Task instructions → Write out all of the records exactly once more and skip the images.

Data under study →
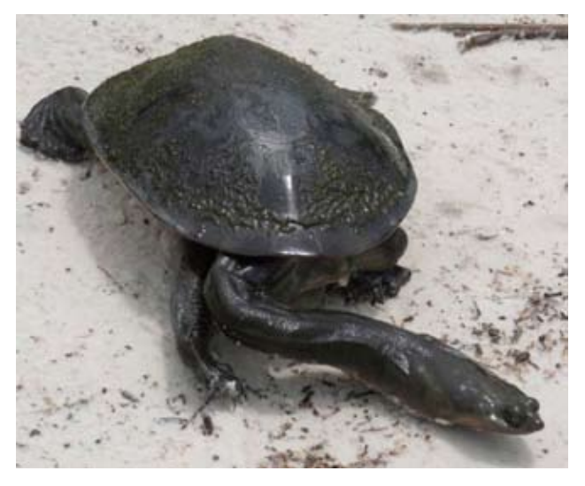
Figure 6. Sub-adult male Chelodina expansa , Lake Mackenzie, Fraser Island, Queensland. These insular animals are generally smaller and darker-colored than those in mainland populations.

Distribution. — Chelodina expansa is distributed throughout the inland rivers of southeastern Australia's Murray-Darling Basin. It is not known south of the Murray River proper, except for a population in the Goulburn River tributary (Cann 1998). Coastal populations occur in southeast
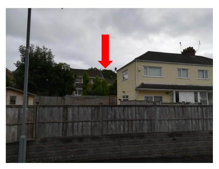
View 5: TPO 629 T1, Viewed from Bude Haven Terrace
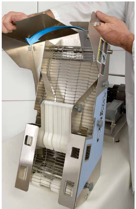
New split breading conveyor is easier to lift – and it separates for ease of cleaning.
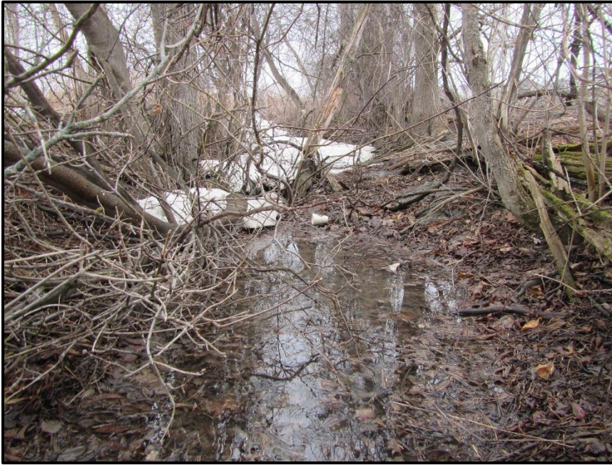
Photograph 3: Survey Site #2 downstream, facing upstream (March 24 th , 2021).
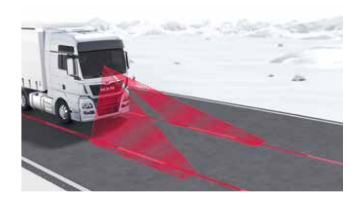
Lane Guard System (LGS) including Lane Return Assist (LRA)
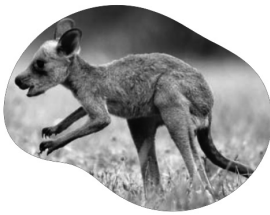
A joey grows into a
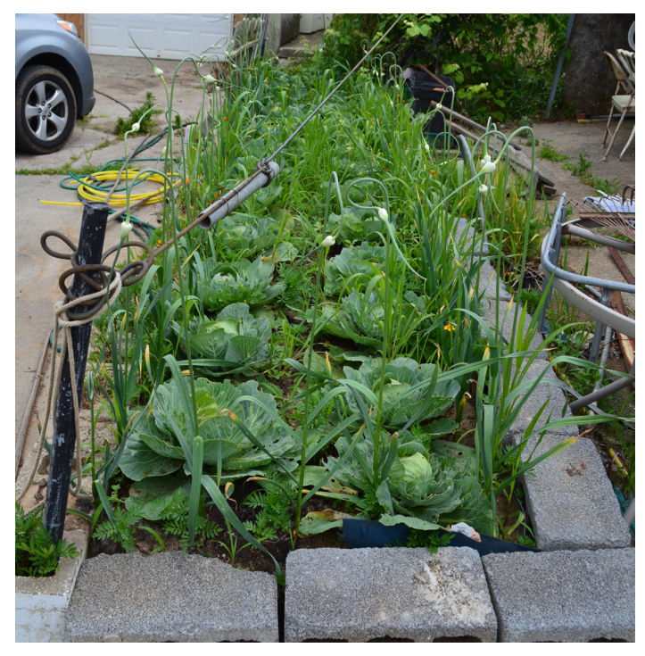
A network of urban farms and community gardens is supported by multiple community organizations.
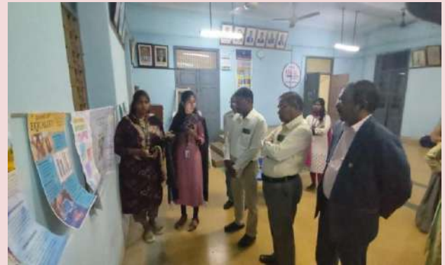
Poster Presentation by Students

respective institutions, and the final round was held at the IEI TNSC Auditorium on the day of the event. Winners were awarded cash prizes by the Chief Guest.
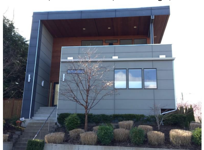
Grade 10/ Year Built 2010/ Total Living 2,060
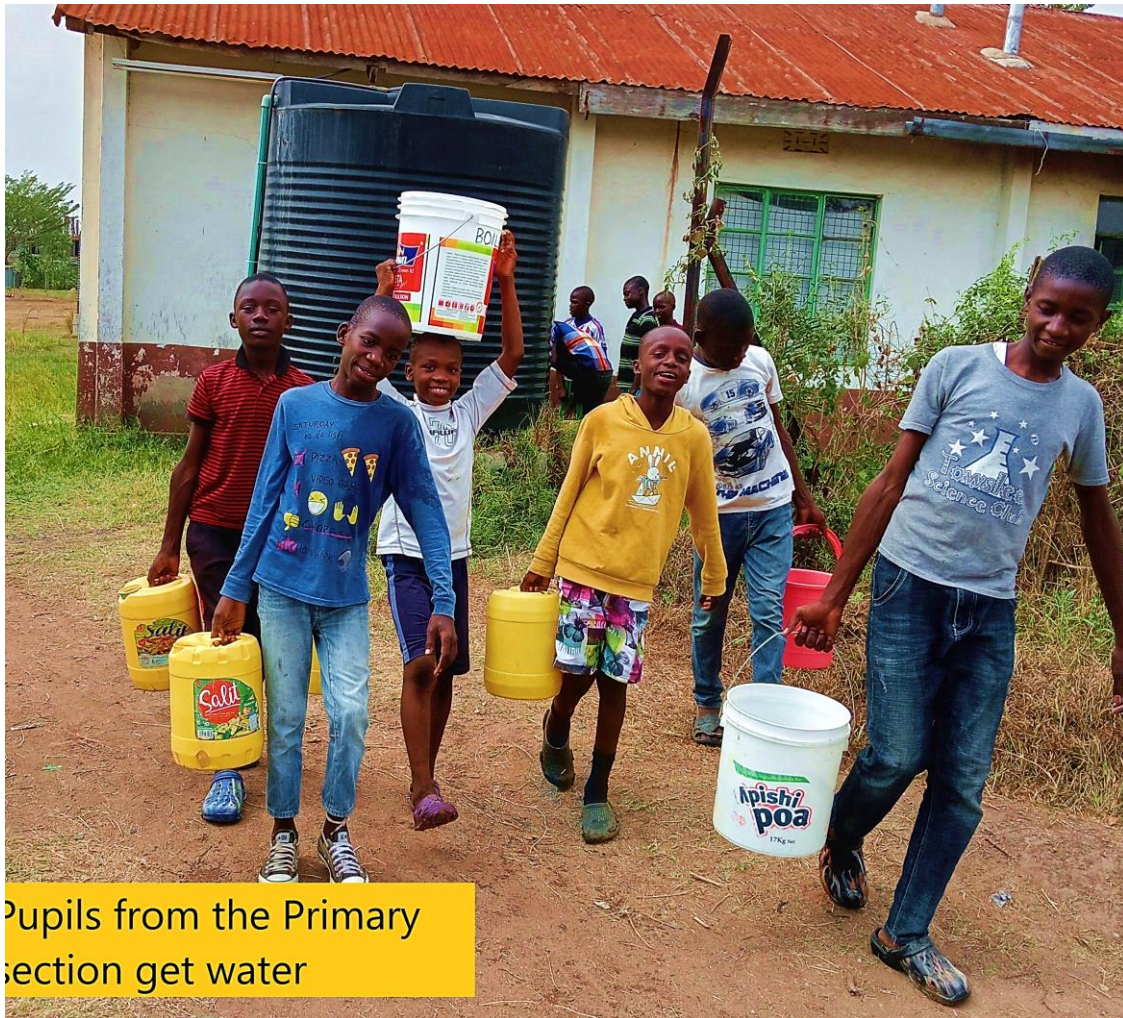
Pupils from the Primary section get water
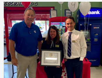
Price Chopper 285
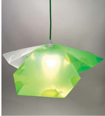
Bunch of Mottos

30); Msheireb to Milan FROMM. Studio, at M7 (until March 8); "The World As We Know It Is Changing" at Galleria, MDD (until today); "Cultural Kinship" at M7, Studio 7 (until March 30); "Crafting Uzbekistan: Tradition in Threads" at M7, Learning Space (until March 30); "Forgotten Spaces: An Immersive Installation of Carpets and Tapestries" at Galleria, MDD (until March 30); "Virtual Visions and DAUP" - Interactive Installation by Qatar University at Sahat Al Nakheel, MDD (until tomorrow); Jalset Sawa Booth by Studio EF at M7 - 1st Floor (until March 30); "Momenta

Answer to this problem →
Figure 6. Sub-adult male Chelodina expansa , Lake Mackenzie, Fraser Island, Queensland. These insular animals are generally smaller and darker-colored than those in mainland populations.

Distribution. — Chelodina expansa is distributed throughout the inland rivers of southeastern Australia's Murray-Darling Basin. It is not known south of the Murray River proper, except for a population in the Goulburn River tributary (Cann 1998). Coastal populations occur in southeast
View 5: TPO 629 T1, Viewed from Bude Haven Terrace
New split breading conveyor is easier to lift – and it separates for ease of cleaning.
Photograph 3: Survey Site #2 downstream, facing upstream (March 24 th , 2021).
Lane Guard System (LGS) including Lane Return Assist (LRA)
A joey grows into a
A network of urban farms and community gardens is supported by multiple community organizations.
Poster Presentation by Students

respective institutions, and the final round was held at the IEI TNSC Auditorium on the day of the event. Winners were awarded cash prizes by the Chief Guest.
Grade 10/ Year Built 2010/ Total Living 2,060
Pupils from the Primary section get water
Price Chopper 285
Bunch of Mottos

30); Msheireb to Milan FROMM. Studio, at M7 (until March 8); "The World As We Know It Is Changing" at Galleria, MDD (until today); "Cultural Kinship" at M7, Studio 7 (until March 30); "Crafting Uzbekistan: Tradition in Threads" at M7, Learning Space (until March 30); "Forgotten Spaces: An Immersive Installation of Carpets and Tapestries" at Galleria, MDD (until March 30); "Virtual Visions and DAUP" - Interactive Installation by Qatar University at Sahat Al Nakheel, MDD (until tomorrow); Jalset Sawa Booth by Studio EF at M7 - 1st Floor (until March 30); "Momenta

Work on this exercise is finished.